RECORDS PROVIDED:
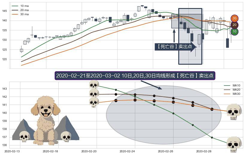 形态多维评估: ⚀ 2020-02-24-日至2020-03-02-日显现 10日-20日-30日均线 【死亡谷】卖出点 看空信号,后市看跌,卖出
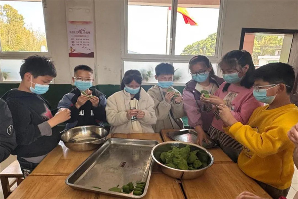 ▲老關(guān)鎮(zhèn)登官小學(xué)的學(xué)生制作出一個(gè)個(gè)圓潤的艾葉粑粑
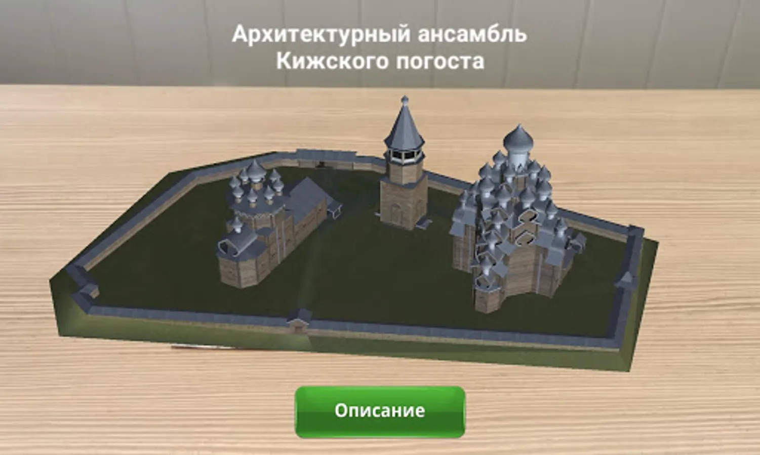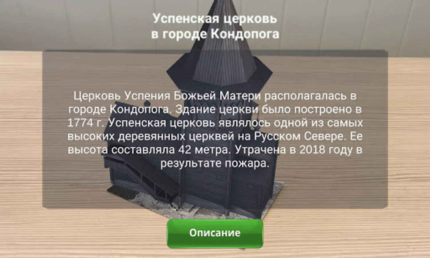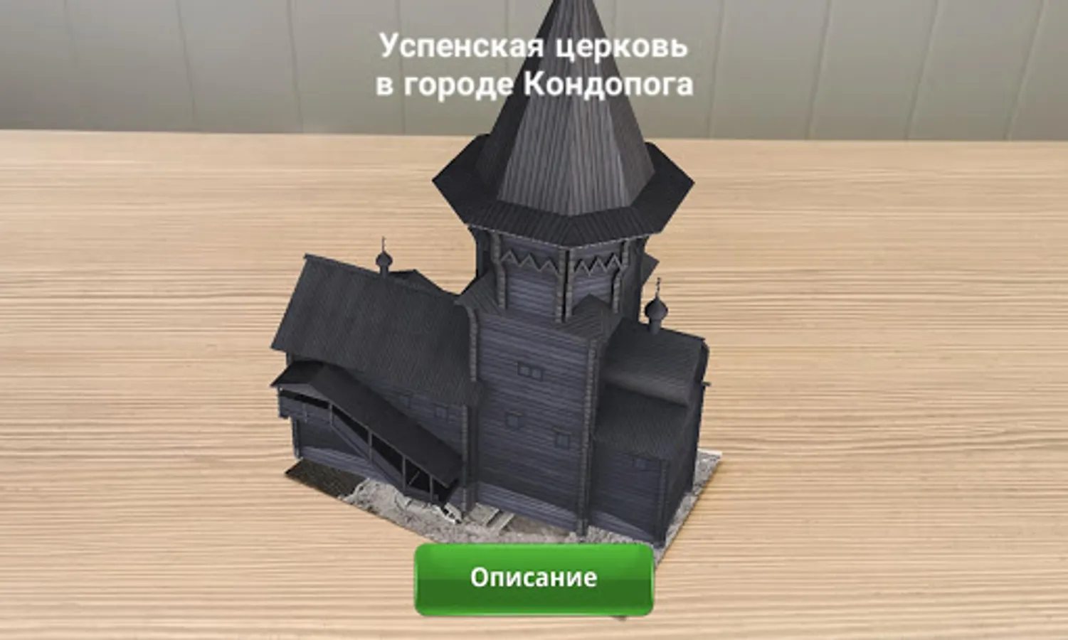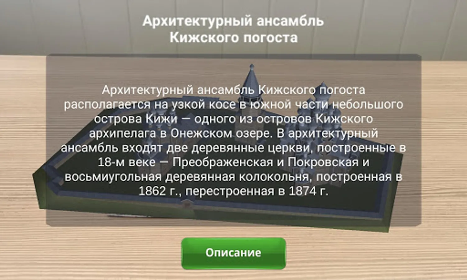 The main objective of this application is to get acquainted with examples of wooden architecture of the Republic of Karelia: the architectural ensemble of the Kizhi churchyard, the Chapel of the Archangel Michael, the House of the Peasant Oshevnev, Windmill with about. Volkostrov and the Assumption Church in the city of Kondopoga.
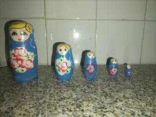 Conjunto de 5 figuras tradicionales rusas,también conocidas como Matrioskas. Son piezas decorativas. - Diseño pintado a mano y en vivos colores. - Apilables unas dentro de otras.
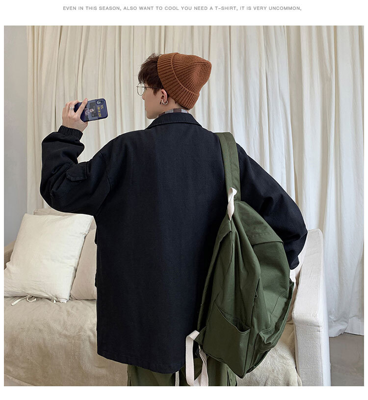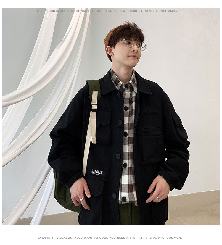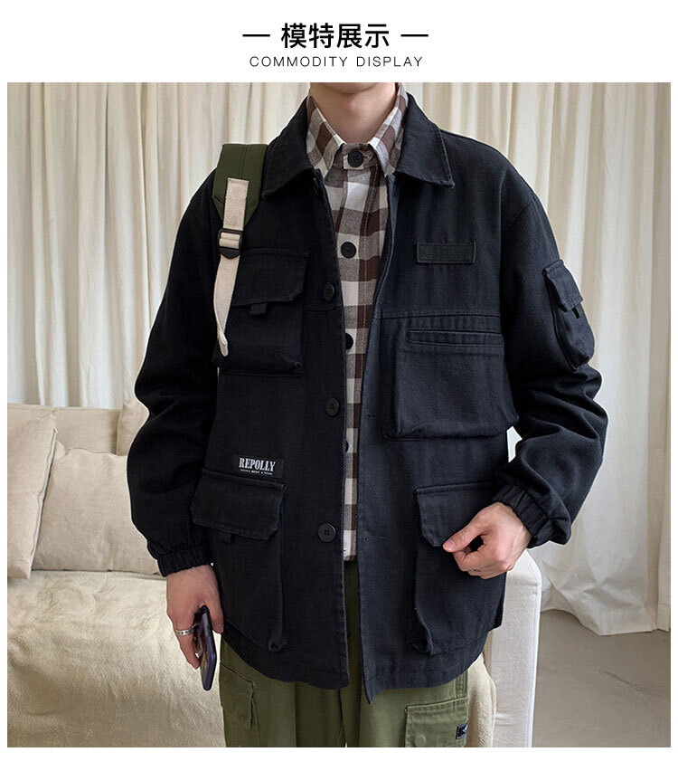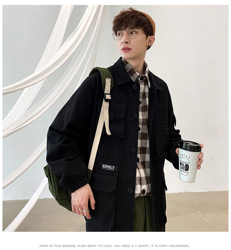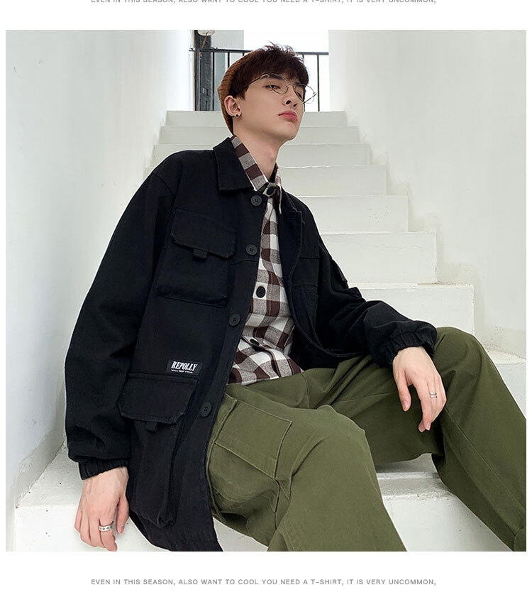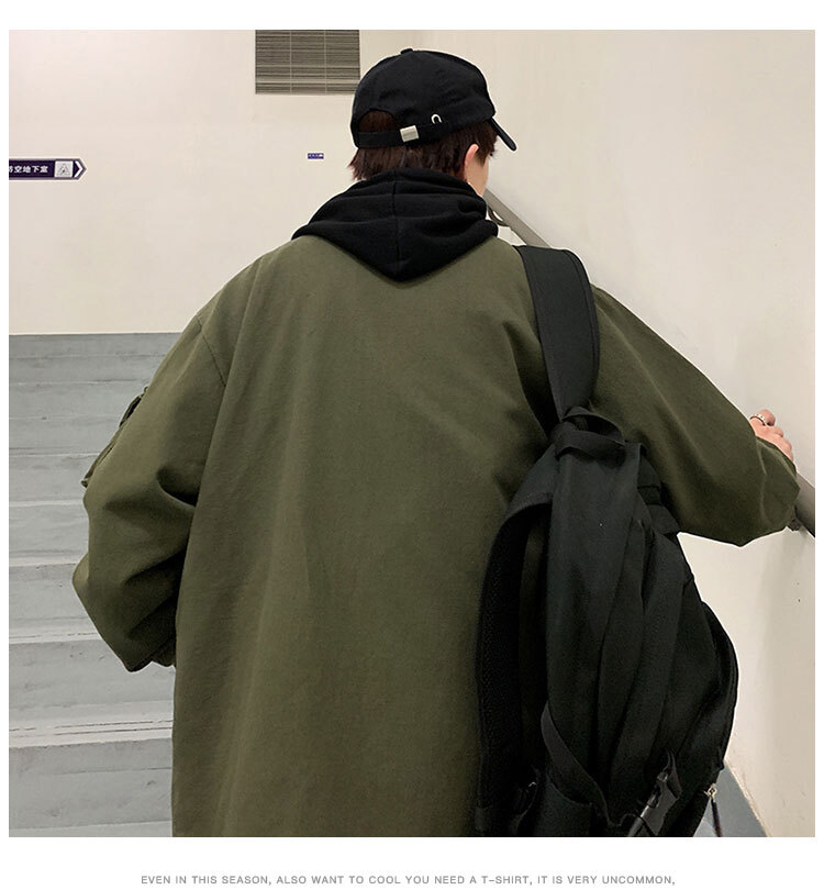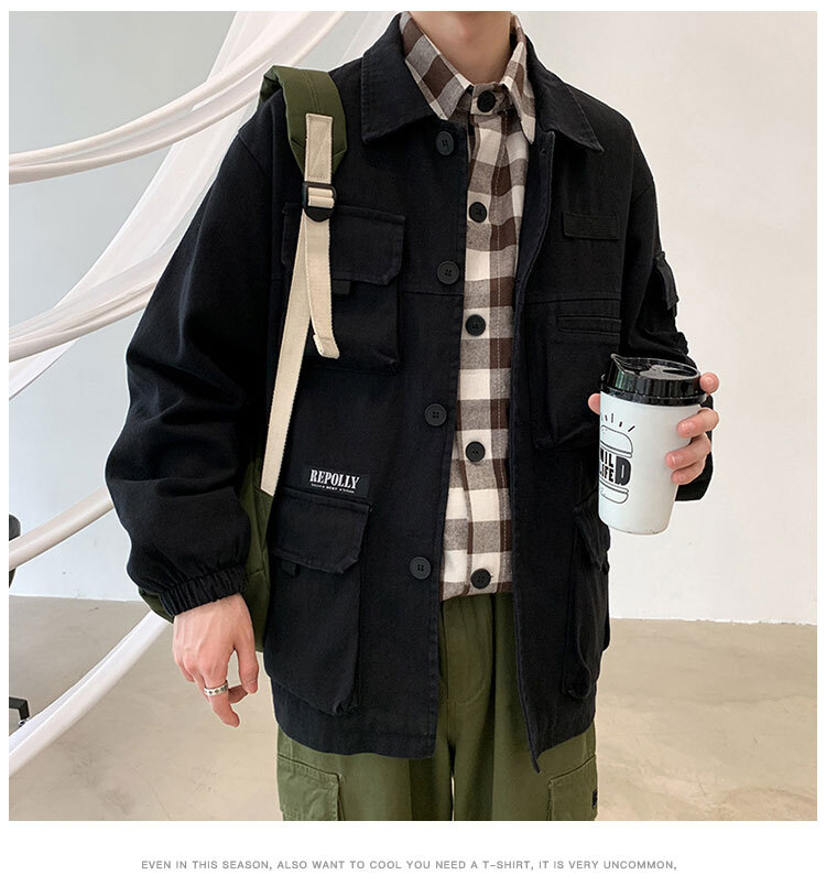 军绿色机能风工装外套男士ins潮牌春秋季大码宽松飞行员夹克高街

WHAT YOU SHOULD DO: Within the listing above, extract exactly the lines that run from the one containing "The main objective" through the one containing "Conjunto de 5", excluding any pictures.

RESULT BELOW:
 The main objective of this application is to get acquainted with examples of wooden architecture of the Republic of Karelia: the architectural ensemble of the Kizhi churchyard, the Chapel of the Archangel Michael, the House of the Peasant Oshevnev, Windmill with about. Volkostrov and the Assumption Church in the city of Kondopoga.
 Conjunto de 5 figuras tradicionales rusas,también conocidas como Matrioskas. Son piezas decorativas. - Diseño pintado a mano y en vivos colores. - Apilables unas dentro de otras.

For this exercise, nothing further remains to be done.